Parshat Ekev: A love-filled blessing

Our sages set blessings to be said before and after everything we eat, and also during other times when a person is amazed by the beauty of creation.

Torah scroll (photo credit: Wikimedia Commons)
Torah scroll
(photo credit: Wikimedia Commons)
In this week’s Torah portion, we continue reading Moshe Rabbeinu’s words as he guides the nation on how to preserve its Jewish faith and lifestyle even after he parts from them and they enter the Land of Israel. One of the directives that Moshe imparts to the nation is kept by the Jewish nation to this very day, and it provides one of the fundamental premises in the life of a person of faith.
Moshe tells the nation: “For the Lord your G-d is bringing you to a good land, a land with brooks of water, fountains and depths... a land of wheat and barley, vines and figs and pomegranates, a land of oil producing olives and honey... And you will eat and be sated, and you shall bless the Lord, your G-d, for the good land He has given you.” (Deuteronomy 8, 7-10) The principle expressed in these verses is that when a person enjoys the good land, he must bless G-d for this pleasure. These verses serve as the basis for Birkat Hamazon, Grace after Meals, which we say after eating bread.
But we do not make a blessing only after bread.
Our sages set blessings to be said before and after everything we eat, and also during other times when a person is amazed by the beauty of creation.
For example, when a person sees the ocean, he must bless “Blessed... Who made the great sea,” and when a person sees lightening he must bless “Blessed...
Who makes the works of creation.” We even bless special days by reciting “Blessed... Who has granted us life, sustained us, and enabled us to reach this occasion.” Actually, the life of a Jewish person of faith is enveloped in blessings from all directions.
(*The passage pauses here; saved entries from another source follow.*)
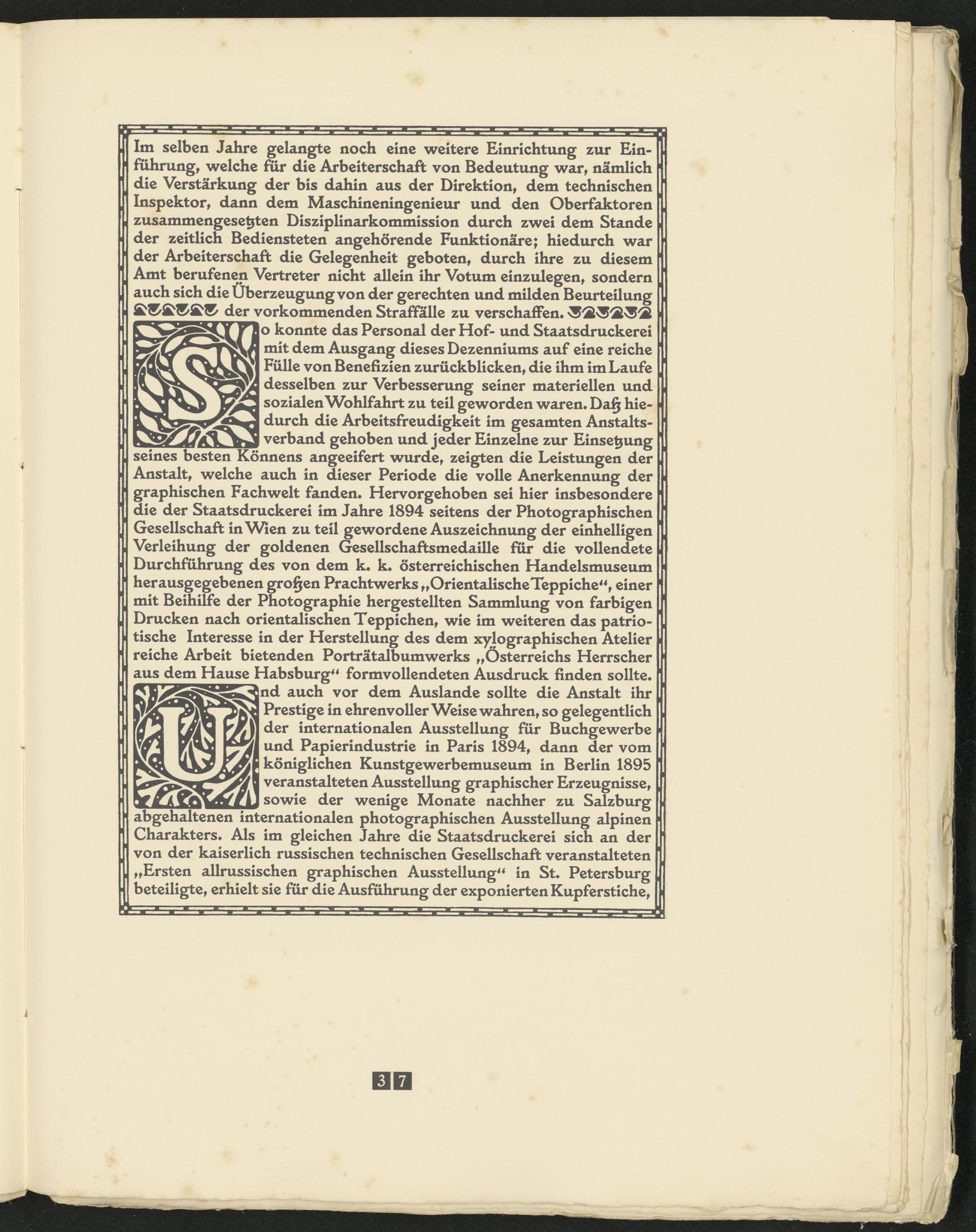 o konnte das Personal der Hof- und Staatsdruckerei mit dem Ausgang dieses Dezenniums auf eine reiche Fülle von Benefizien zurückblicken» die ihm im Laufe desselben zur Verbesserung seiner materiellen und sozialen Wohlfahrt zu teil geworden waren* Da§ hiedurch die Arbeitsfreudigkeit im gesamten Anstaltsverband gehoben und jeder Einzelne zur Einsetzung seines besten Könnens angeeifert wurde» zeigten die Leistungen der Anstalt» welche auch in dieser Periode die volle Anerkennung der graphischen Fachwelt fanden* Hervorgehoben sei hier insbesondere die der Staatsdruckerei im Jahre 1894 seitens der Photographischen Gesellschaft in Wien zu teil gewordene Auszeichnung der einhelligen Verleihung der goldenen Gesellschaftsmedaille für die vollendete Durchführung des von dem k* k* österreichischen Handelsmuseum herausgegebenen großen Prachtwerks »»OrientalischeTeppiche 44 » einer mit Beihilfe der Photographie hergestellten Sammlung von farbigen Drucken nach orientalischen Teppichen» wie im weiteren das patriotische Interesse in der Herstellung des dem xylographischen Atelier reiche Arbeit bietenden Porträtalbumwerks »»Österreichs Herrscher aus dem Hause Habsburg 44 formvollendeten Ausdruck finden sollte*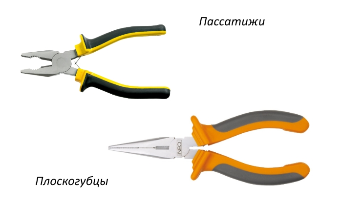 Различия этих инструментов заключаются в форме губок. У плоскогубцев они более вытянутые и тонкие. А у пассатижей более широкие и короткие.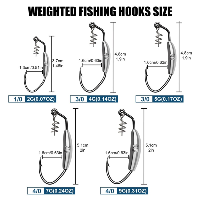 - ✅【Packeage】9G Weighted hooks 4/0 - 15 pcs per pack. This twist lock weighted fishing hooks are perfect for rigging soft baits!
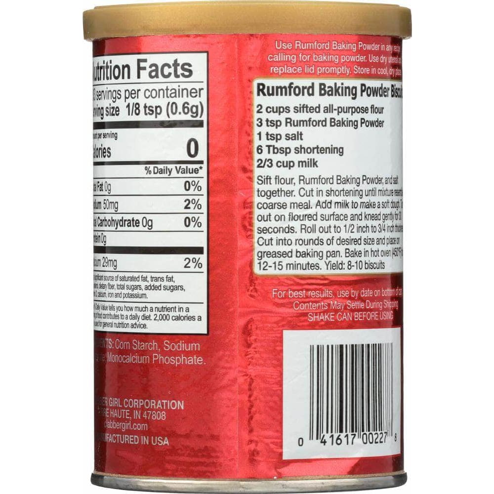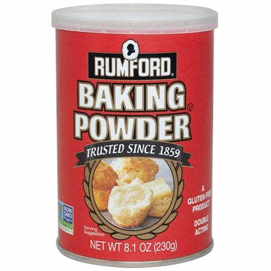 Rumford Baking Powder 8.1 oz can. Rumford Non-GMO, Gluten-Free, Double Acting Baking Powder is a great leavening agent used in all types of delicious baked good recipes. Consistent results in a double-acting formula with 30% CO2 release at batter temperature.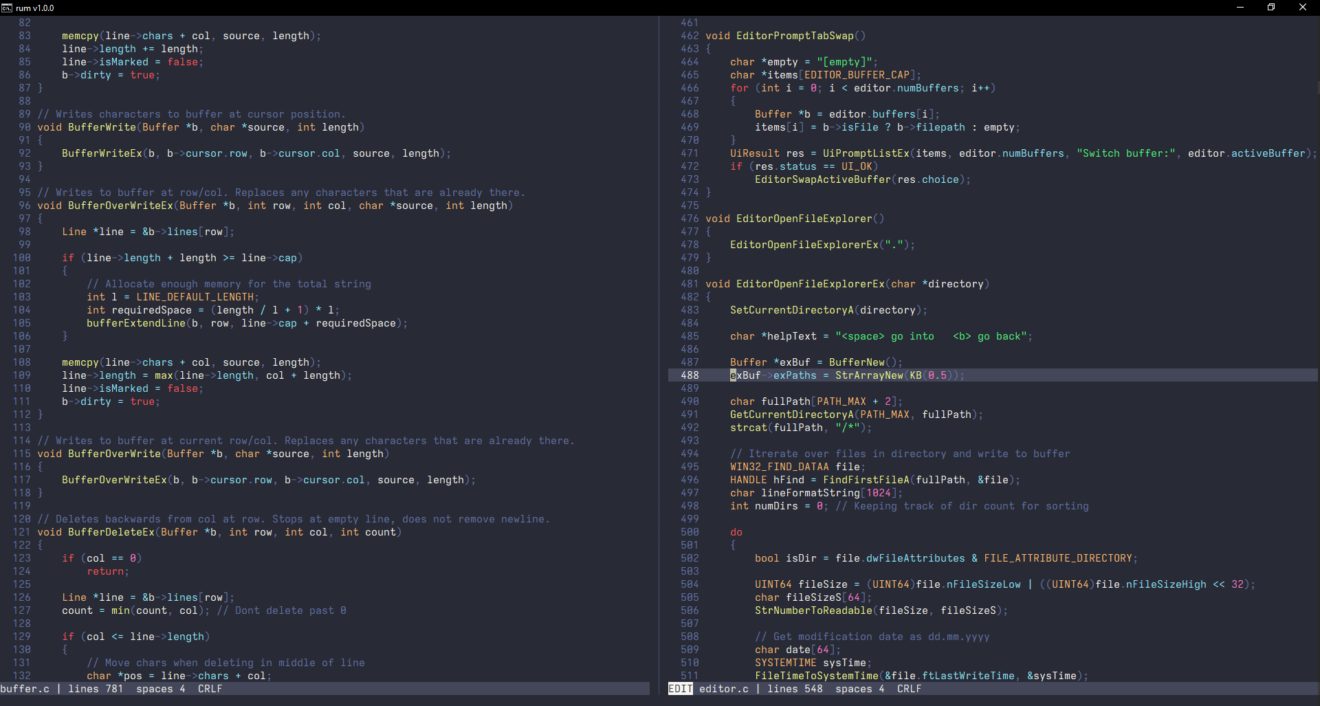 Rum is a fast and minimal editor that supports syntax highlighting, search, split buffers, tabs and much more! It is specifically made for the windows terminal using the win32 console API. It has no other dependencies than libc and win32, making it very lightweight (~70kb) and easy to build!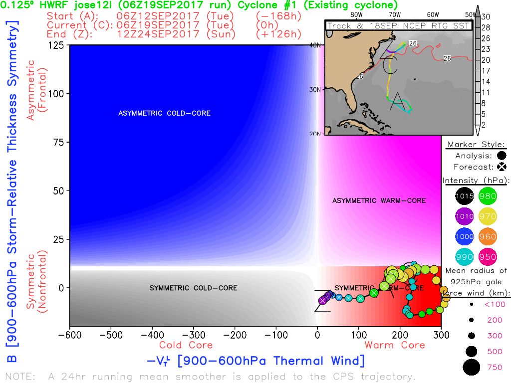 Jose also appears to be loosing some tropical characteristics and becoming more of a powerful Nor’easter, over next few days. But it continues to maintain a compact, warm inner core, with very heavy bands of rainfall and stronger winds at least gusting to hurricane force.. This northern part of this core may clip parts of Southeast Massachusetts, especially around Cape Cod, Martha’s Vineyard and Nantucket. These areas more likely experience true tropical storm force conditions, with more sustained wind between 35 to 45mph and gusts as high 60mph possible. Thus, tropical storm warning have been issued for these areas. But overall this storm, won’t be any worse conditions than a typical Nor’easter for these areas as well. The airmass is also too stable to support any heightened tornado threats.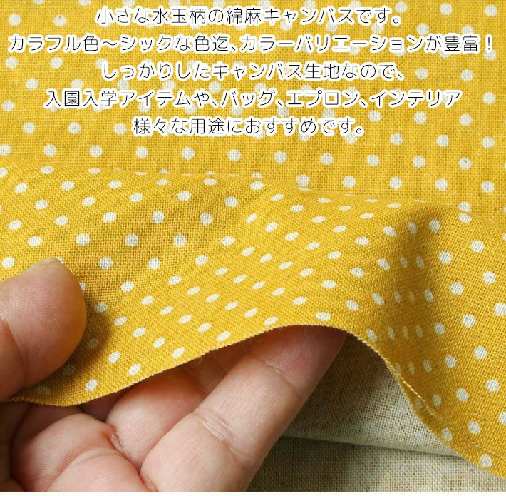他の画像を見る 19000-1 生地 水玉 ドット ピンドット 約2mm 綿麻キャンバス プリント ハーフリネン (最低単位50cm~10cm単位の切売り) ¥ 77 税込 品切中 お気に入りに登録する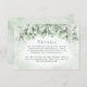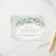 Ge bjöd in gästerna alla viktiga detaljer med det här fina informationskortet för grönt bröllop. Den har en delikat drömbukett av botaniskt eukalyptus vattenfärgsgrönt som bleknar ner i bakgrunden, med en sage grönt vattenfärg struktur och elegant modernt monogram i ett lush foliage-andetag på baksidan. Sök efter matchande produkter för att slutföra inbjudan, i samlingen.

He is constantly blessing G-d.
In each of the blessings we recite, we thank G-d and praise Him for a phenomenon we are experiencing at that moment. Put simply, we are expressing gratitude. Just as we expect ourselves and teach our children to say thank-you to someone who does them a favor, we remember to say thank-you to G-d for every experience we experience. Saying thankyou is basic manners.
But on a more profound level, the experience itself changes because of the blessing. We all know the difference between an object we acquire for ourselves and one that we receive as a gift from a friend or spouse. We use both objects and they benefit us equally, but the experience is completely different.
When someone thinks of me and takes care of me, using the gift I received from him makes me feel good, gives me a sense of worth. Using the gift makes me feel loved.
A person can bite into an apple and enjoy the experience, and another person can bite into the apple and feel that the apple was created especially for him and was sent to him for his pleasure. The apple did not grow on the tree coincidentally and did not get to me coincidentally. It is delicious – also not coincidentally. The apple is a personal gift sent to me by G-d. And why? Because He loves me. That simple.
The sages of the Mishna said a very profound thing that we should each adopt and become accustomed to: “Every single person is obliged to say: ‘The world was created for my sake.’” (Tractate Sanhedrin, chapter 4) What does this strange sentence mean? Are we supposed to be megalomaniacs and think the entire world was created just for us? No. This is not a reflection of being megalomaniacs.
This is the expression of deep faith in a G-d that is limitlessly good and Who has faith in me and you that we are worthy of His abundance of goodness.
A person who lives with the sense that the world was created for his sake is a person inundated with love of G-d. He becomes calm, happy and beneficent.
He takes responsibility for things that occur around him. He is loved.
When a person makes a blessing over any food he puts in his mouth, he gets used to living with this amazing feeling. In light of this understanding, we can draw the conclusion that we should bless G-d for the blessings themselves.
The writer is rabbi of the Western Wall and holy sites.